# Would you agree: Top Film Schools



## Cisca (Mar 31, 2011)

I've been searching for schools with the top film programs.  I finally found this list that doesn't have schools like the Art Institute.  This list seems pretty promising, what do you guys think?

-AFI
-American University
-California Institute of the Arts
-Columbia University School of the Arts
-The North Carolina School of the Arts
-NYU
-San Francisco State University
-UCLA
-USC
-University of Texas at Austin


----------



## Mike_V (Mar 31, 2011)

I would add Chapman as well. It's essentially up and coming and facility and faculty rivals those other big schools.

I'm wondering where Northwestern is as well...


----------



## Ntman (Apr 3, 2011)

Also Loyola Marymount? No?


----------



## suenos53 (Apr 3, 2011)

Loyola Marymount offers great training, one of the best in the LA area.


----------



## Mike_V (Apr 3, 2011)

also, one other thing to ask, where did you get this list from?
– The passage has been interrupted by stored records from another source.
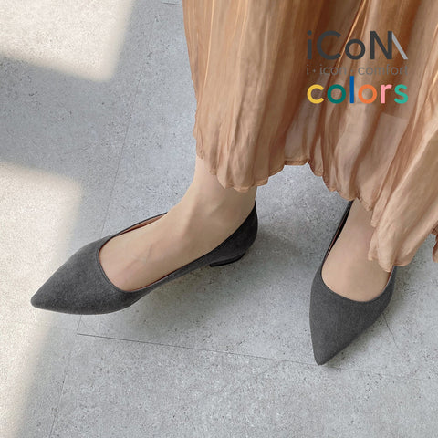 ラストワン50%OFF:iCoN COLORS:ポインテッドトゥ スエード フラットシューズ(C20142)チャコールS
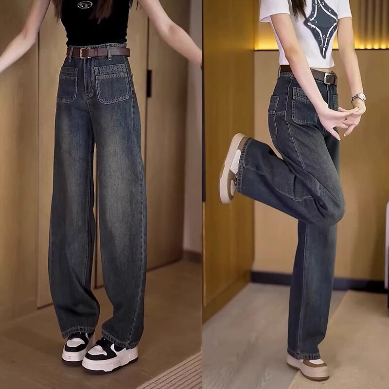 秋季新款大码女装梨型身材直筒牛仔裤显瘦胖mm高腰宽松拖地阔腿裤
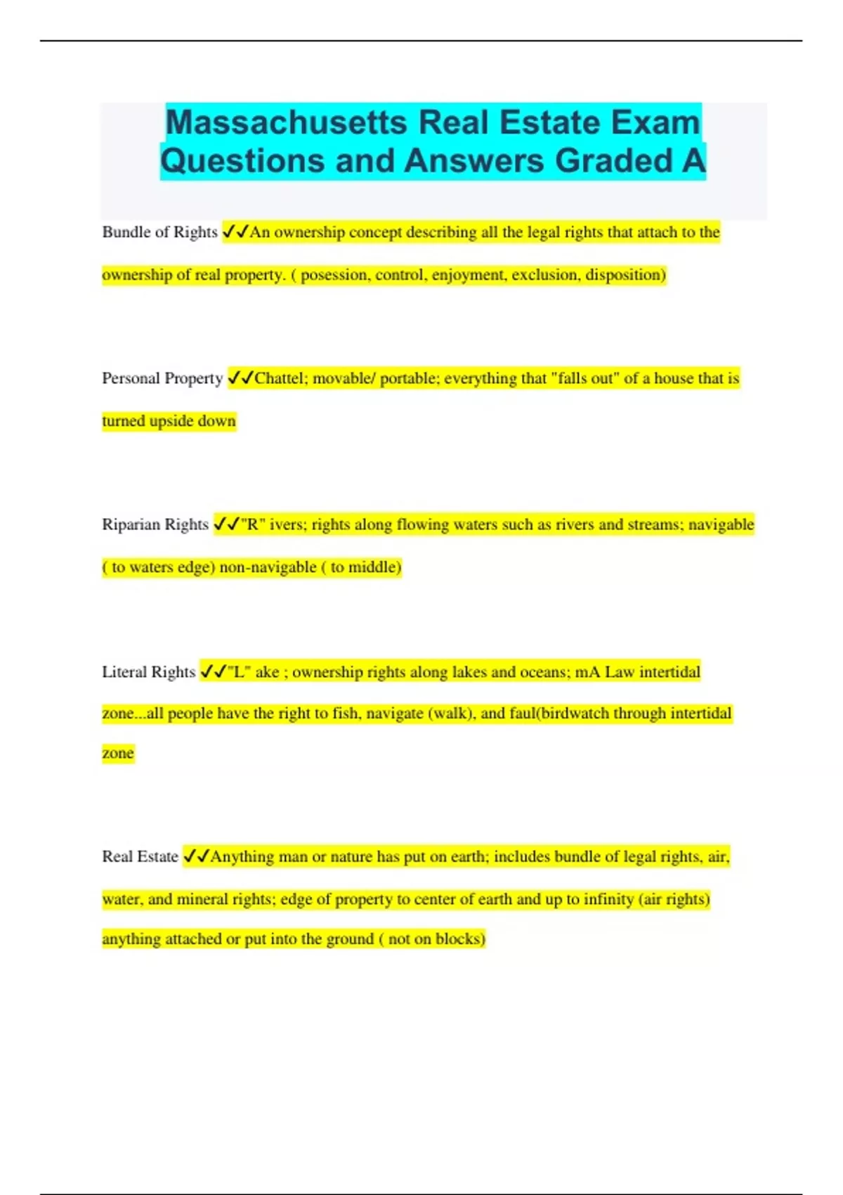 Massachusetts Real Estate Exam Questions and Answers Graded A
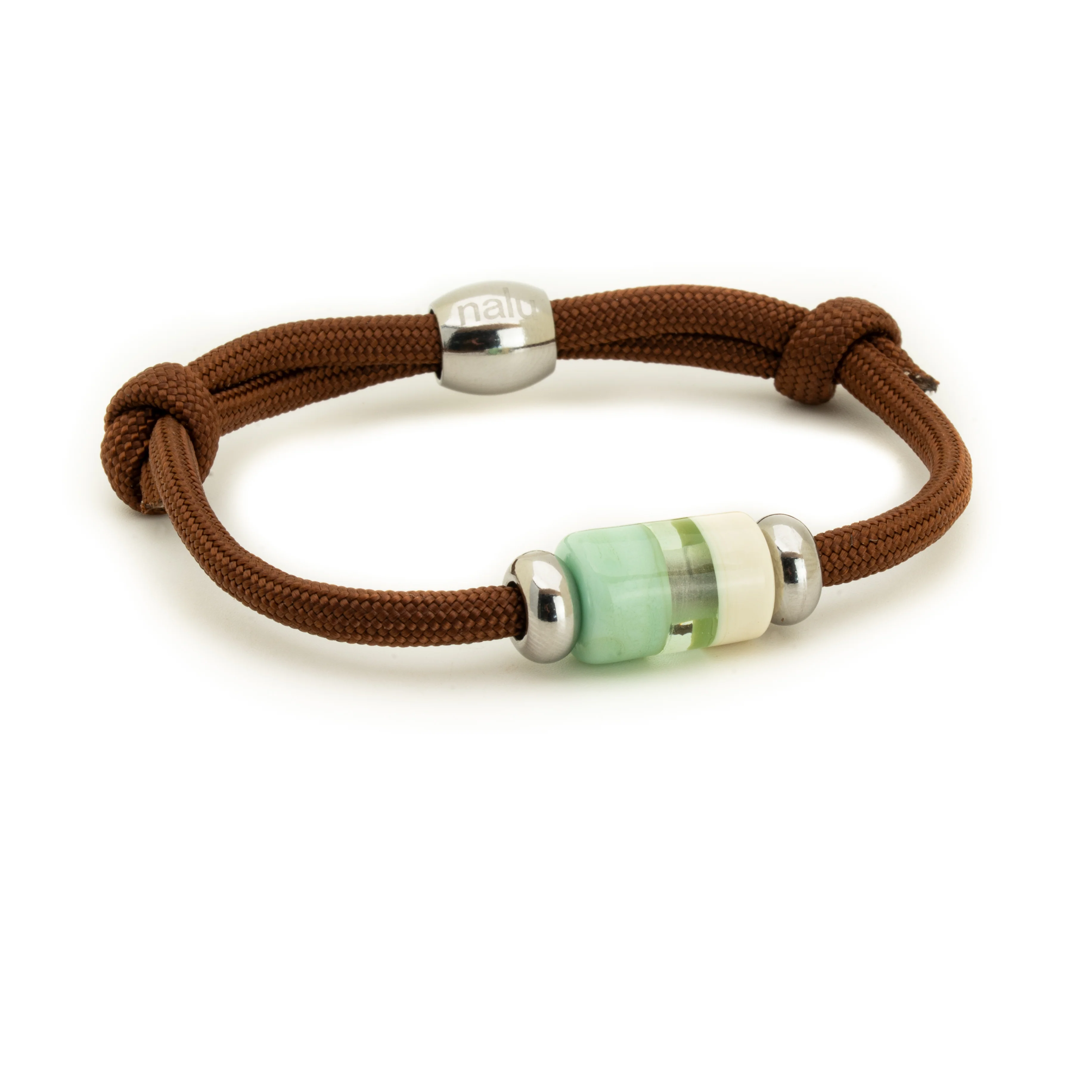Your bead will be fitted to your choice of either a light green, sand or brown paracord bracelet which will come with a set of stainless steel Nalu Swirl stoppers either side of the bead and steel Nalu toggle bead on the back. Paracord is a durable, waterproof 4mm cord made from nylon. Please expect variations in colour of the cord and glass, each piece is individually handmade to order in our studio.
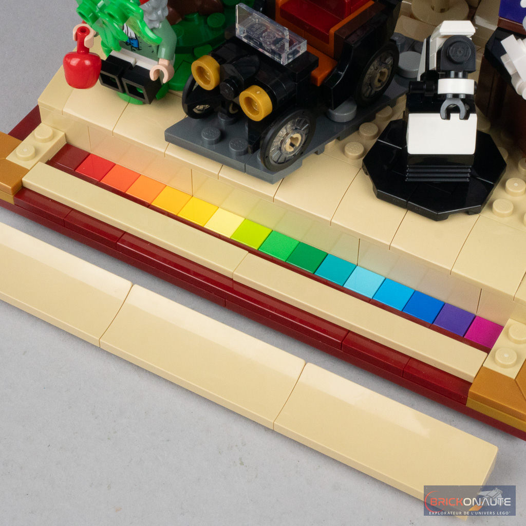 Du côté de l’inventaire, la boîte compte un total de 879 pièces pour un prix public de 79,99 € – soit 0,091 €/pièce. Pas spécialement donné pour un set « maison » sans licence particulière, malgré tout on appréciera de trouver dans la gamme LEGO Ideas une boîte à un tarif accessible, ce qui devient de plus en plus rare.
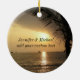 Celebrate a first holiday together or create a personal souvenir of your honeymoon with this tropical ocean view ornament. Customise or delete the text on this holiday ornament with a tropical beach sunset scene, framed by a palm tree.
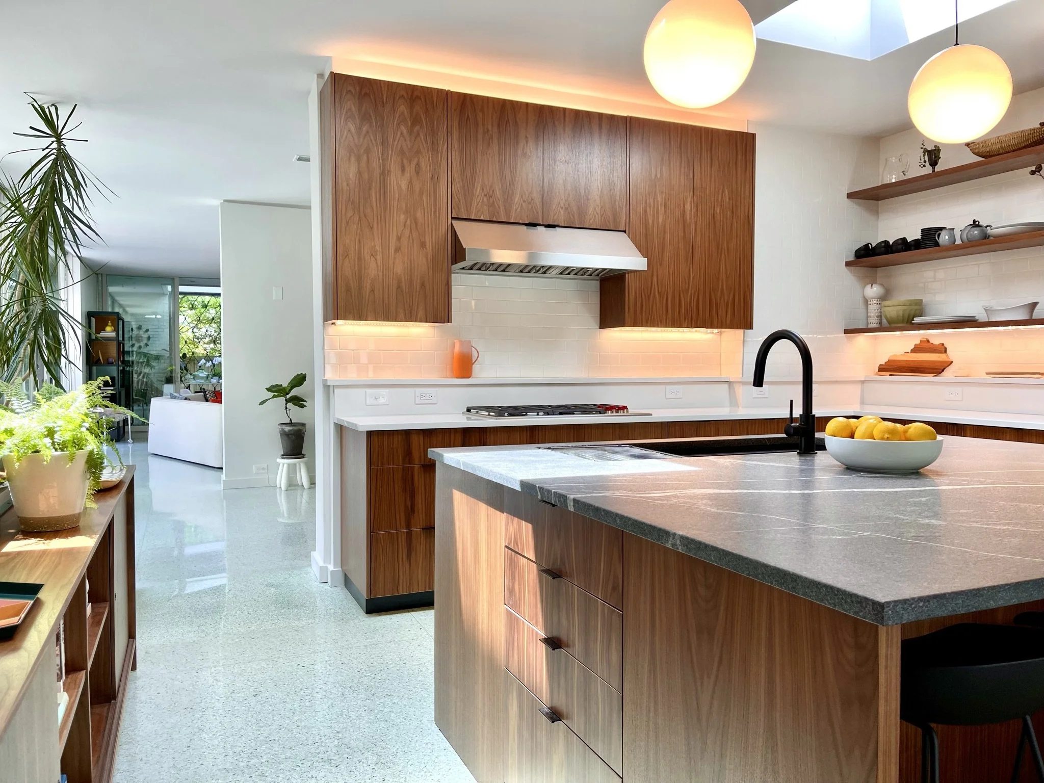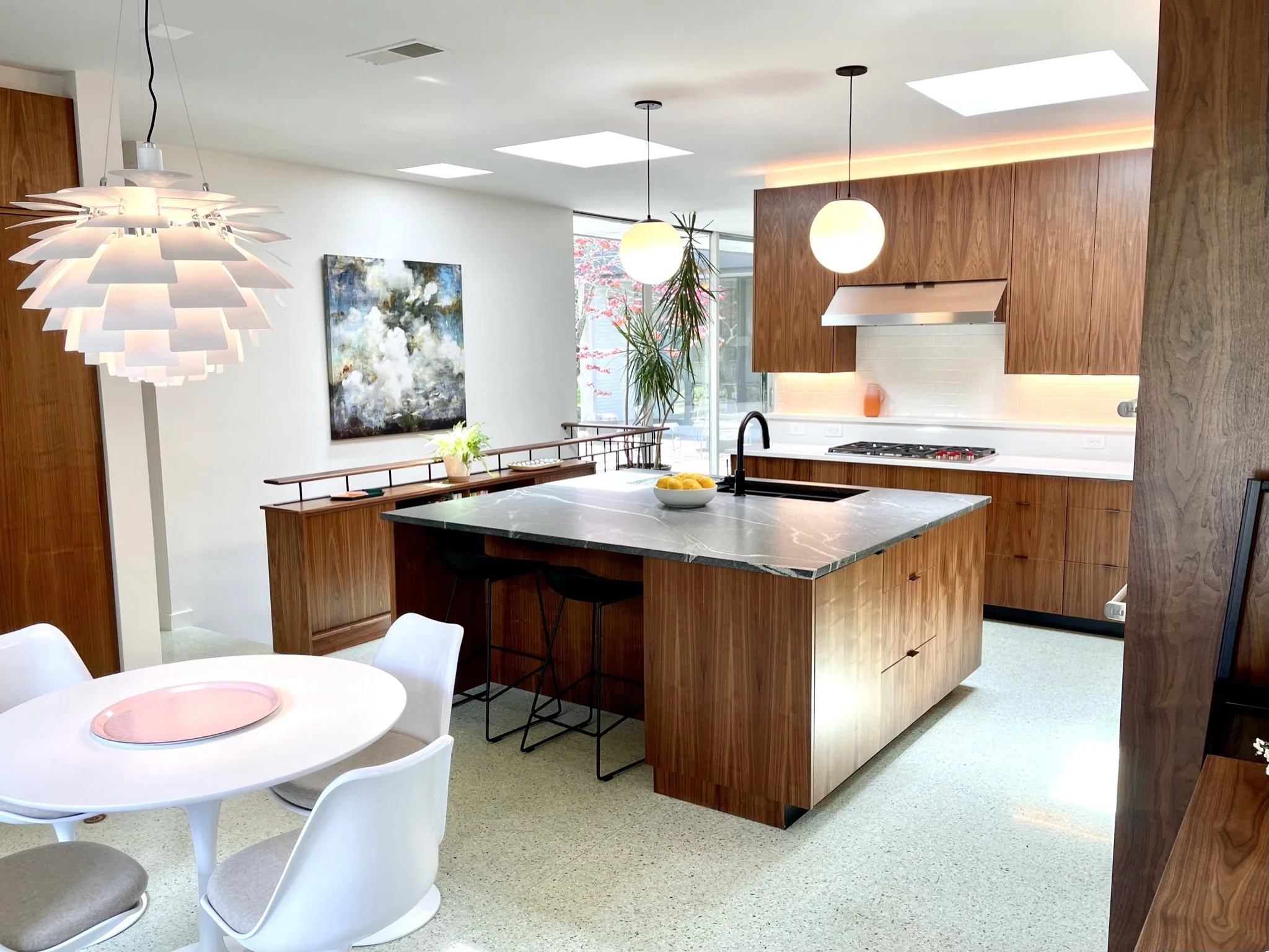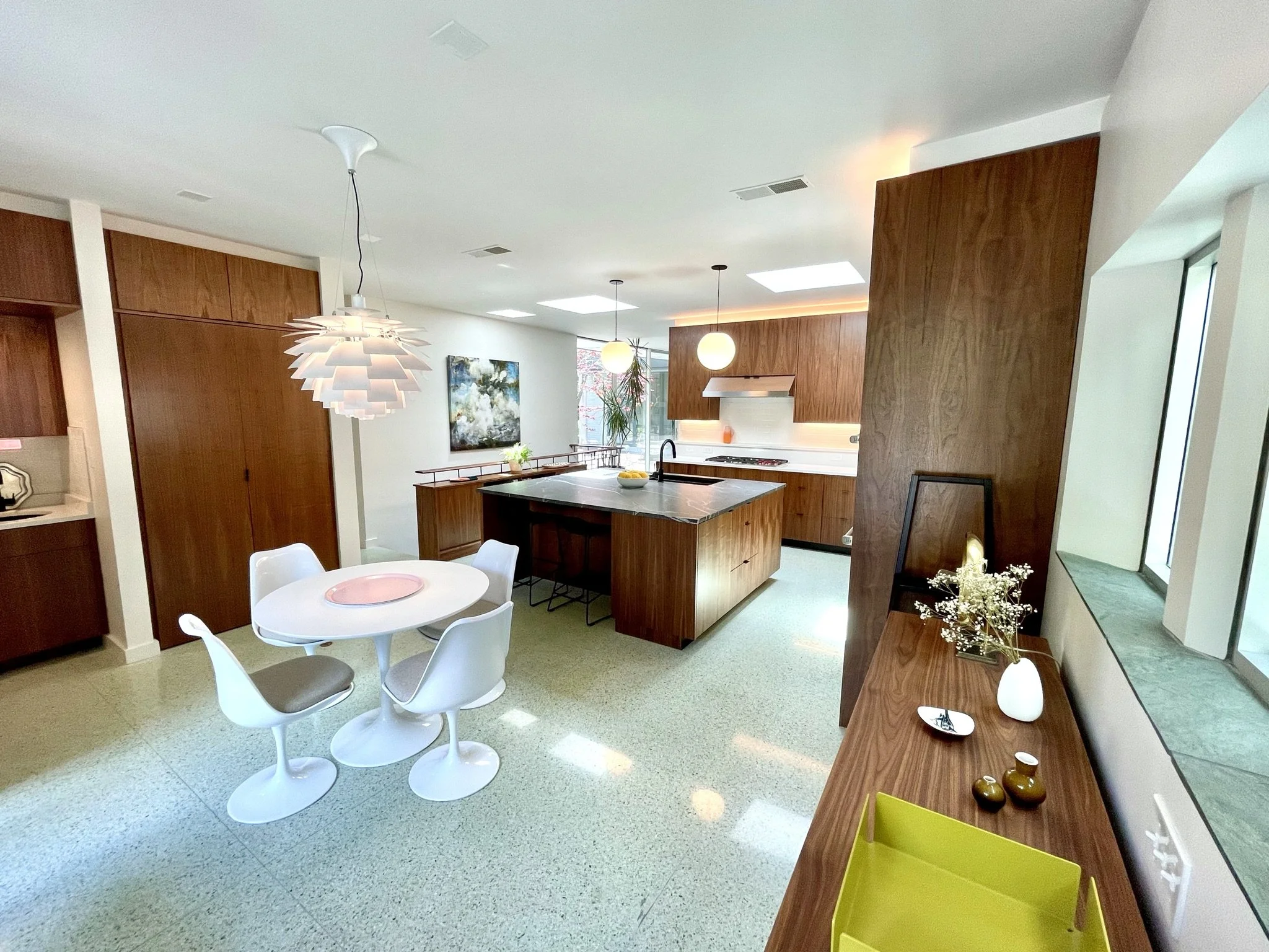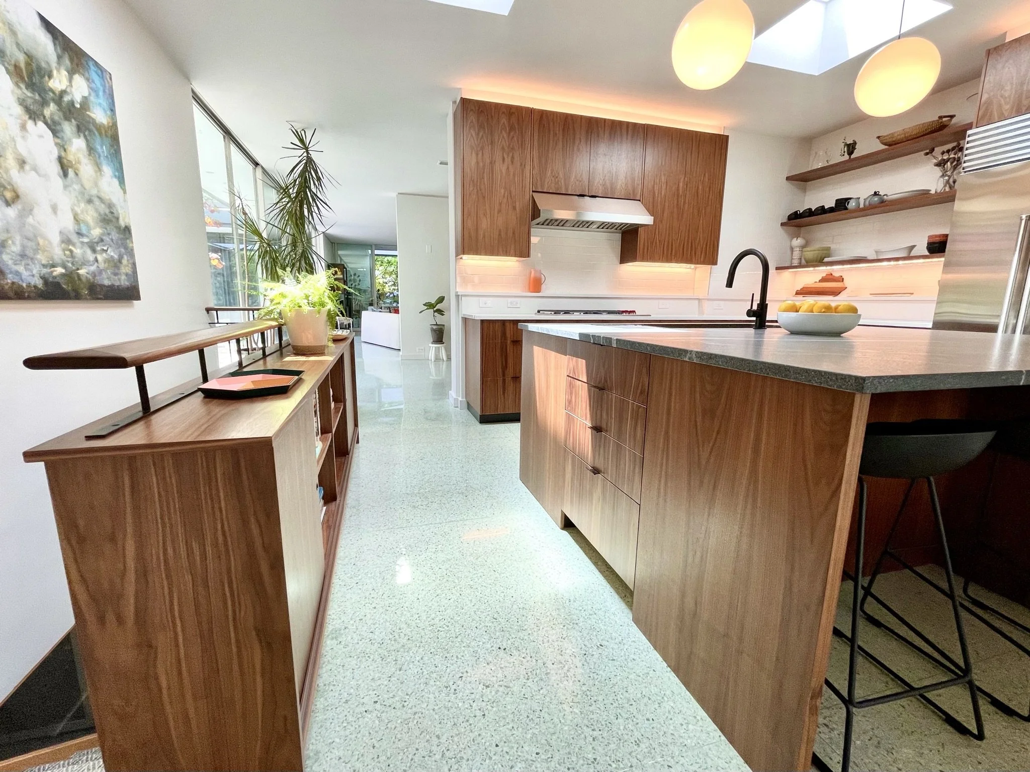 The original terrazzo floors were preserved and maintained while the kitchen was reconfigured to increase flow and workspace. Natural walnut wood was used for cabinetry and a quartzite island countertop serves as gathering place.

You seem to be missing a few darn good schools in that list.


----------



## Postaldave (Apr 3, 2011)

Might be helpful also to organize them into the differing types

ie...

- 4 year
- Grad School
- Technical
- etc


----------



## Jeisner (Apr 4, 2011)

I wouldn't leave out Wesleyan University and Emerson College. Both have promising film programs, that is, if you are interested in an east coast education.


----------



## destinyB (Apr 6, 2011)

Yeah, I agree. But it seems there are few schools missing in you list - such as Chapman and Emerson College.


----------



## Cisca (Apr 12, 2011)

> Originally posted by Mike_V:
> also, one other thing to ask, where did you get this list from? You seem to be missing a few darn good schools in that list.



This is where i got it. http://filmmakerstore.com/schools.htm


----------



## Mike_V (Apr 12, 2011)

ah, no wonder it seemed familiar. the last time i checked that site was over 2 years ago and it hasn't changed at all. I think it's been heavily outdated for a very long time.
if you're looking for the current list, read around the forums here. it'll give you a better feel of what is currently regarded as top schools


----------



## Major Premise (Jun 3, 2011)

> Originally posted by Jeisner:
> I wouldn't leave out Wesleyan University and Emerson College. Both have promising film programs, that is, if you are interested in an east coast education.


Emerson - poor academics. If you want academic rigor, go elsewhere.


----------



## RamJoe (Jun 3, 2011)

I was not aware that AFI had undergraduate studies


----------